Problem statement: Pictures in the entries below are excluded; copy only the lines from the one containing "De esta soberbia" to the one containing "Introducing Stonefall! A", both included.

Material to process:
++++++++++++++++++++
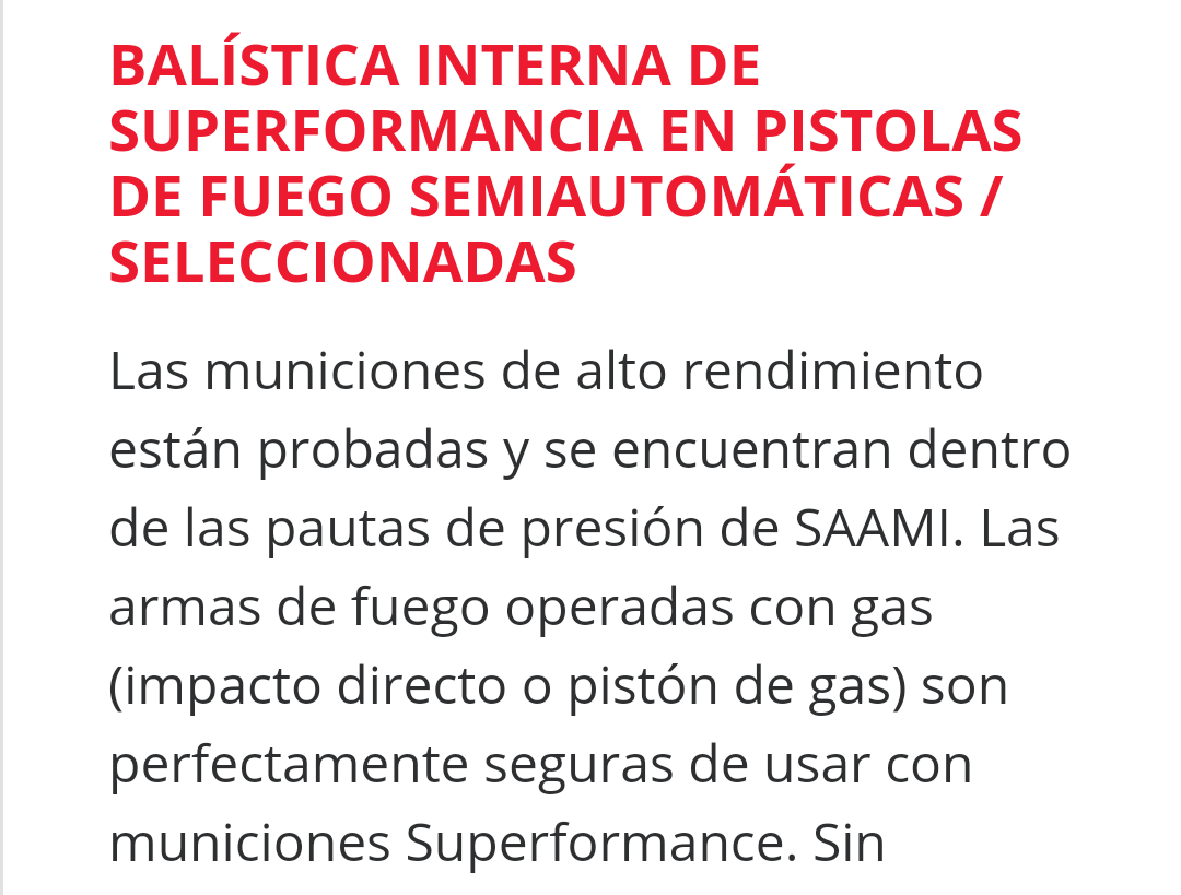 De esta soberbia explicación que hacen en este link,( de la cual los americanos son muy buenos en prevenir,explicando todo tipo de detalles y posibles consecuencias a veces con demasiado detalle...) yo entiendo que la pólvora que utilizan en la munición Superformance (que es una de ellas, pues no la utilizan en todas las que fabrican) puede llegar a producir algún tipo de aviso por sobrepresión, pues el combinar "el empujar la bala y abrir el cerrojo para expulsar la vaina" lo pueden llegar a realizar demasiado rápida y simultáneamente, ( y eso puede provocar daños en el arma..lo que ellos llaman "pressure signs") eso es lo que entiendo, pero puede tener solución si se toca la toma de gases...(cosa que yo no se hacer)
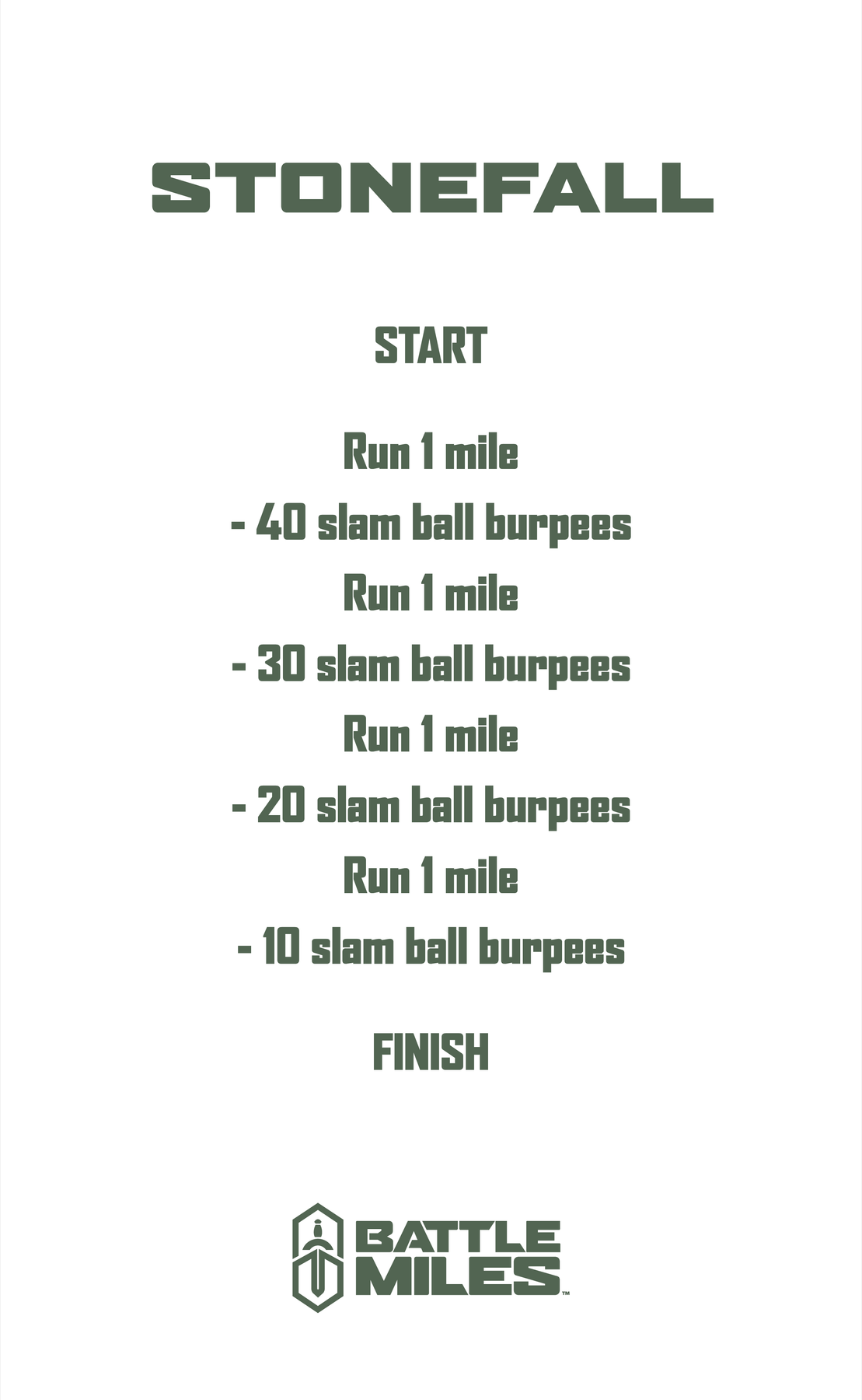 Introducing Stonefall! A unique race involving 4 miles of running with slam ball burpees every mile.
++++++++++++++++++++
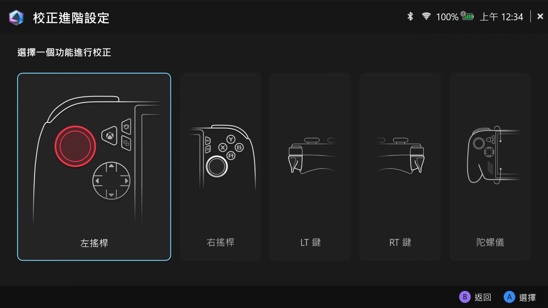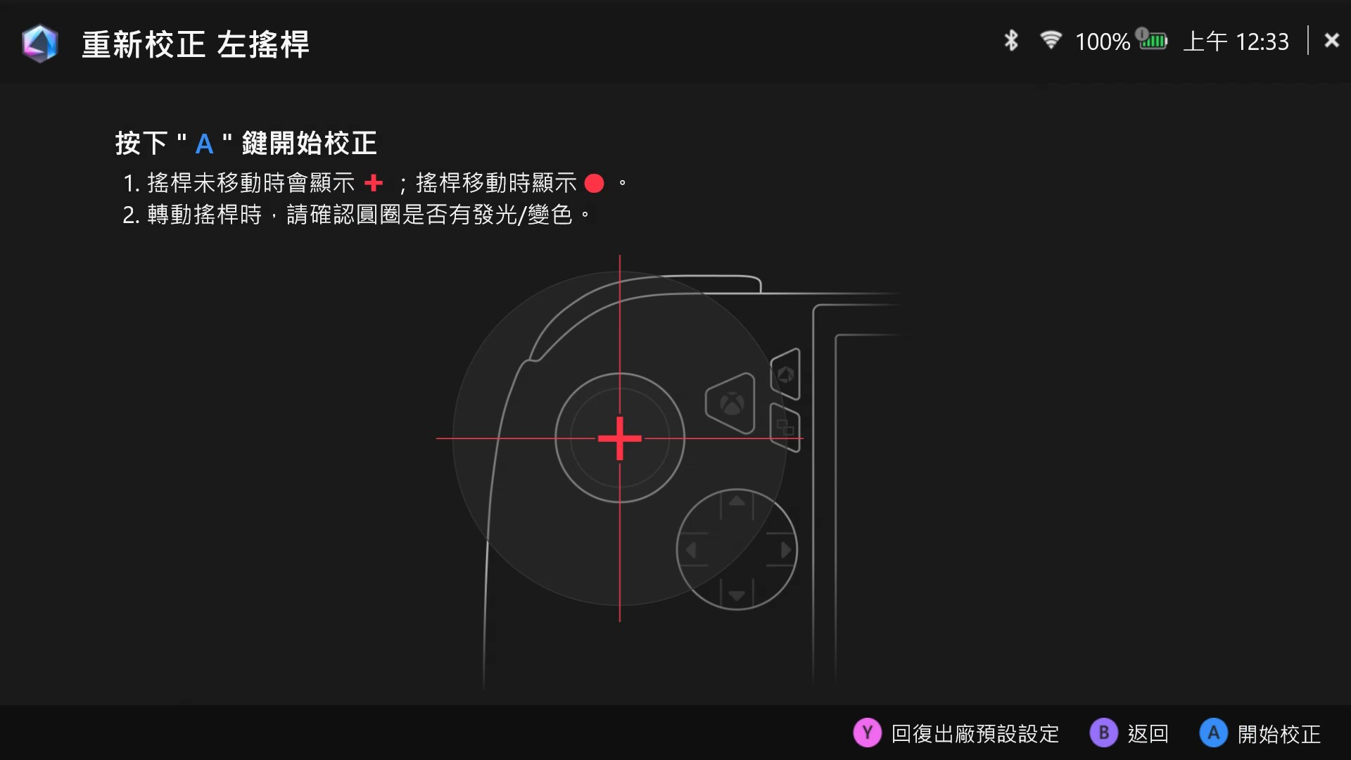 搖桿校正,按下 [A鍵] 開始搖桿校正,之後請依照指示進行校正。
++++++++++++++++++++
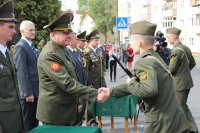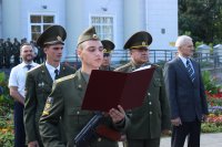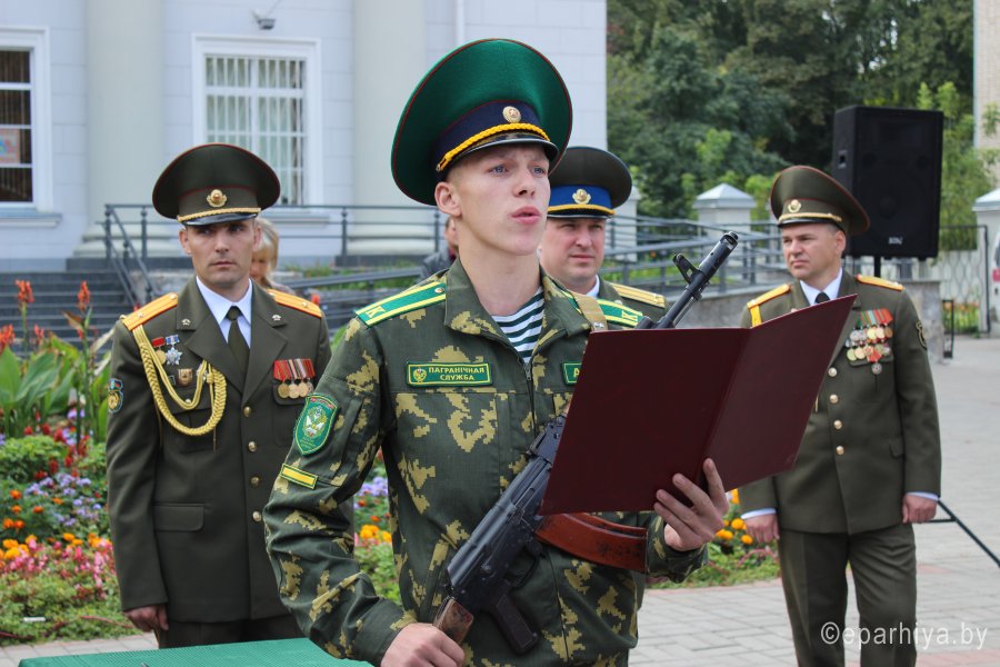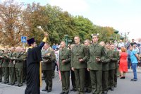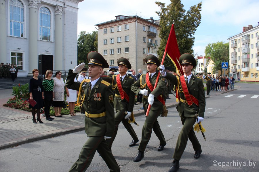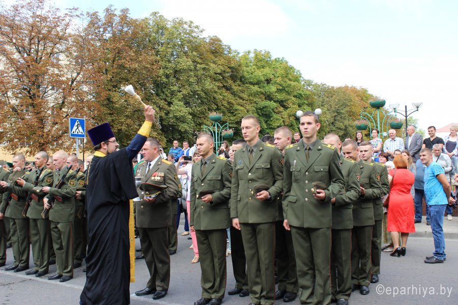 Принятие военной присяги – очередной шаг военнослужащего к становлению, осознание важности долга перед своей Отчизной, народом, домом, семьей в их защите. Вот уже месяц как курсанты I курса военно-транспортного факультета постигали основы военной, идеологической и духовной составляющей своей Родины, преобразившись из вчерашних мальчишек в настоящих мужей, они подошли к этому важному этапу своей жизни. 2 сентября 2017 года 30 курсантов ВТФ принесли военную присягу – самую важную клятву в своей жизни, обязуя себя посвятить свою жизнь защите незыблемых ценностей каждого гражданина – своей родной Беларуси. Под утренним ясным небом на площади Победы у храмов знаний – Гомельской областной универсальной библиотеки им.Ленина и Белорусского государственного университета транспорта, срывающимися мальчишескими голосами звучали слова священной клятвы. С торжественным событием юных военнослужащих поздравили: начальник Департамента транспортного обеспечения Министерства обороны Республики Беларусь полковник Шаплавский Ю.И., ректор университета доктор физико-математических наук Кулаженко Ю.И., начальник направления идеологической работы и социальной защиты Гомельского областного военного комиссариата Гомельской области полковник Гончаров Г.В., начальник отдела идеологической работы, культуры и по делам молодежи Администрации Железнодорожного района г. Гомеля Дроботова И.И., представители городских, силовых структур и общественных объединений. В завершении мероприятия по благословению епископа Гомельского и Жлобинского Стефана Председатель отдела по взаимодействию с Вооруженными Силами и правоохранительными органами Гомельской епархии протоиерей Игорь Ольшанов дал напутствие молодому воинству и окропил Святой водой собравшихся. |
++++++++++++++++++++
Problem solution:
 De esta soberbia explicación que hacen en este link,( de la cual los americanos son muy buenos en prevenir,explicando todo tipo de detalles y posibles consecuencias a veces con demasiado detalle...) yo entiendo que la pólvora que utilizan en la munición Superformance (que es una de ellas, pues no la utilizan en todas las que fabrican) puede llegar a producir algún tipo de aviso por sobrepresión, pues el combinar "el empujar la bala y abrir el cerrojo para expulsar la vaina" lo pueden llegar a realizar demasiado rápida y simultáneamente, ( y eso puede provocar daños en el arma..lo que ellos llaman "pressure signs") eso es lo que entiendo, pero puede tener solución si se toca la toma de gases...(cosa que yo no se hacer)
 Introducing Stonefall! A unique race involving 4 miles of running with slam ball burpees every mile.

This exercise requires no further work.